Understanding the Similarity Discovery Prediction Results

The similarity discovery results predict the overall similarity of the two files and also the similarities at the column level.

The similarity discovery engine predicts similarity by finding the best match for a column in one profile to a column in the other profile. This pairing is done based on similarities of the column type and column data from the profile metadata. The columns might pair up in order, out-of-order, or not at all. Each pair’s similarity is predicted on a scale of 1 to 100.

The results of the similarity discovery web service are displayed in a JSON format. First the overall similarities are listed followed by the detailed pairing similarities. You can use only the overall similarity predictions for your analytical purposes or drill down all the way into the individual predicted overlapping column pairs.

The JSON parameters are:

leftId: name of the first datafile used in similarity discovery
rightId: name of the second datafile used in similarity discovery
similarity: the overall similarity prediction score ranging from 0 to 100. A higher score indicates more similarity between the two files. The overall similarity score is based on the following three similarities: column data, column order, and column types. These three similarities are individually listed next in the JSON output.
similarityColumnData: the similarity prediction score for the data overlap between the predicted columns pairs in the two profiles
similarityColumnOrder: the similarity prediction score for the predicted columns pairs order in the two profiles
similarityColumnTypes: the similarity prediction score for the similarity of two profiles’ column type regardless of the column order
weightSimilarityColumnData: a weighing number ranging from 0.0 to 1.0 used to calculate the overall similarity score
weightSimilarityColumnOrder: a weighing number ranging from 0.0 to 1.0 used to calculate the overall similarity score
columnRelationships: gives detailed information for the columns that are predicted to be similar. For each mapping pair, the column number of the similar columns is listed with a prediction score. Additionally, pairs are scored for their histogram match, header similarity, example value intersection, and character sequence intersection.
leftOrphanIds: lists columns in the first datafile that are predicted to not map to any columns in the second datafile.
rightOrphanIds: lists columns in the second datafile that are predicted to not map to any columns in the first datafile.
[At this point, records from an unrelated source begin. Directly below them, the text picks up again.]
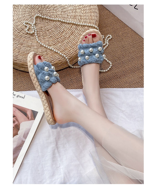 Boho Ethnic Blue Sandals – Women’s Beaded Woven Slides
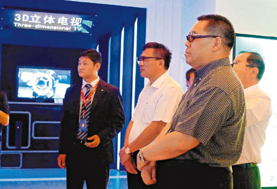 ■崔世安一行參觀惠州生產的3D電視。中新社
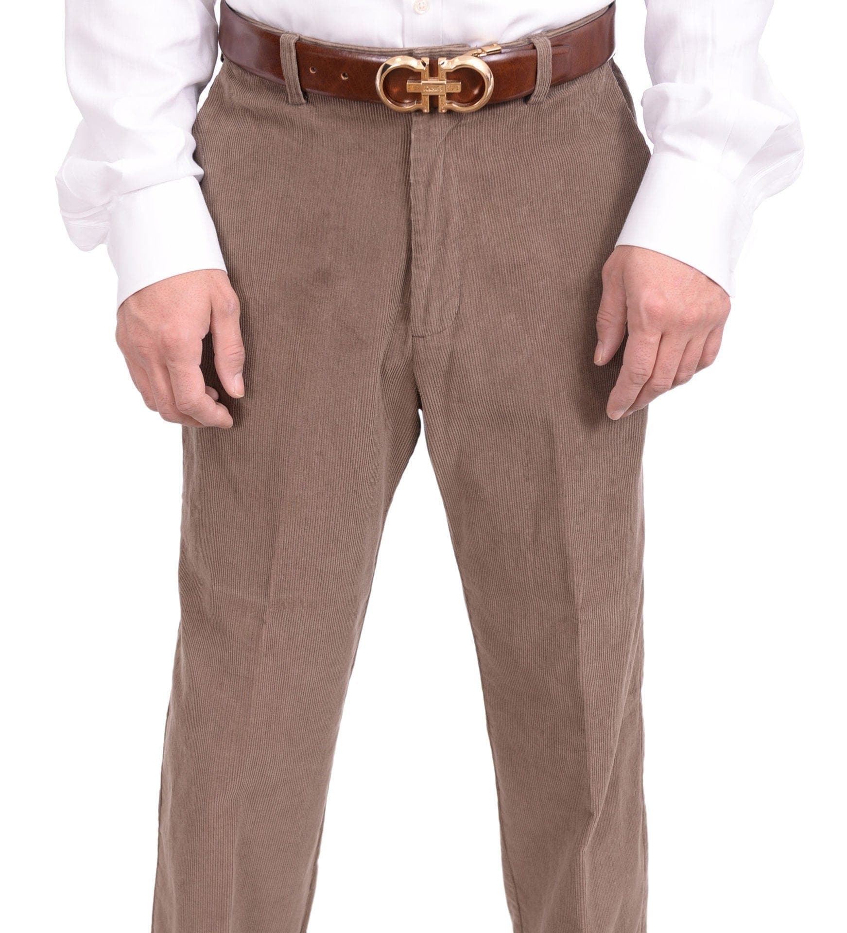 Haggar Regular Fit Khaki Brown Corduroy Flat Front Cotton Washable Casual Pant

Below are the similarity discovery prediction results for two files that are very similar. The screenshot shows the overall similarity predictions and the detailed predictions for one mapping column. Note that the first column from file 1 maps to the first column in file 2.

Description of similarity_discovery_example1.png follows
Description of the illustration similarity_discovery_example1.png

Below are the similarity discovery prediction results for two files that are not so similar. The screenshot shows the overall similarity predictions and the detailed predictions for one mapping column. Note that the predictions indicate that the 11th column from file 1 maps to the 7th column in file 2.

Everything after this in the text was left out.